Very few public artists, and Chaplin was an artist as well an an entertainer, of the period were felt to be of the working class. Chaplin was not one, he was THE one. Because of that, the impact of Chaplin on culture generally, and on the left in particular, was profound. Here, the power of his 1921 film, ‘The Kid.’

‘Charlie Chaplin As a Proletarian Pilgrim’ from Good Morning. Vol. 3 No. 6. April 1, 1921.

Charlie Chaplin’s film, “The Kid,” was just beginning when a lone middle-aged woman came in and sat down immediately in front of GOOD MORNING’s head motion picture critic. She was one of those women who, from behind, look so round and mellow, but who, from in front, look like a flinty section of the Hudson River Palisades. She wore spectacles and she glared around as if her habitual attitude was one of non-approval.

When Charlie and his platypus feet came galumphing out for the first time, the audience responded with one of those yells of anticipatory ecstasy that is Charlie’s immortal privilege to evoke, but the old lady did not emit even a slight rumble.
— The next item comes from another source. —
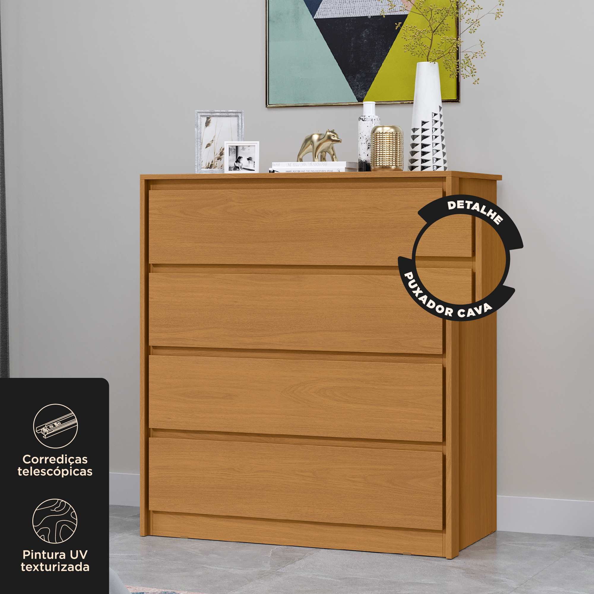 Cômoda 4 gavetas grandes Carla - cinamomo / cinamomo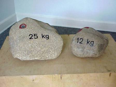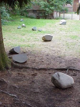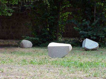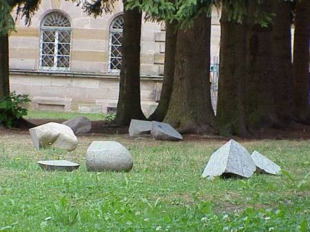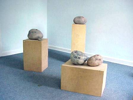 geb. 1975 in Marl, lebt seit 1989 in Fürth, wo er 2001 mit dem Kulturförderpreis ausgezeichnet wurde. Er absolvierte eine Ausbildung zum Steinmetz und Steinbildhauer, seit 2001 studiert er an der Akademie der Bildenden Künste Nürnberg bei Professor Ottmar Hörl. Wir zeigen von Peter Stutzmann eine Installation im Schlosshof und eine in der Galerie. Die Installation im Schlosshof beschäftigt sich mit der "Domestizierung von Steinen". Sie hinterfragt, was aus "wilden Steinen" wird, wenn der Mensch sie "domestiziert", sie für seine Zwecke vereinnahmt und bearbeitet. Die Installation in der Schloss-Galerie zeigt Steine nicht als Material für Kunst, sondern ihre Nutzbarmachung für den menschlichen Alltag - als Gewichte. |

Even when Charlie became definitely stuck with the abandoned baby, her face relaxed about as much as that of a competent Egyptian mummy.

But when Chas. patted the little kid from below as the infant swung in its sling and immediately afterward sought a towel, the old lady broke loose with a whoop that rattled the seats and probably strained her interior supports. She was doubtless Somebody’s Mother and that gesture woke Memories.

Chaplin can do these things. In the face of his epic antics, grouches dissolve and are washed away and one’s sins are borne off on the flood of his mighty humor.

“The Kid” indicates that Charlie had quit making fillums and has begun the creation of motion picture classics. The sources of his power are numerous but one can detect a few of them. Charlie is great because he is the Immortal Hobo, the Pilgrim Proletarian wandering through a world wilderness thick with misfortune and beset by avalanches of hard luck. His fairest dreams wind up in a garbage can and his fondest ambitions are dispersed by the policeman’s boot.

Charlie remains human no matter what the settings are. But he is more than human. He is human nature itself, as we know it, under the slave system which by editorial writers is called “civilization.” He is Man Under Capitalism–tricky, blustering, cowardly, boastful, fawning, generous, pathetic, ready to exploit his fellows, eternally grotesque, and ever hopeful. The Phagocyte.

Good Morning was a (wonderful) left-wing illustrated humor magazine published bi-weekly from May 1919 until October 1921 by Ellis O. Jones and legendary radical cartoonist Art Young. Both had worked together earlier on The Masses. Good Morning was funded by donations and was forced to decrease in frequency from weekly to semi-monthly to monthly with a press run between 4 and 10 thousand, finally folding in late 1921.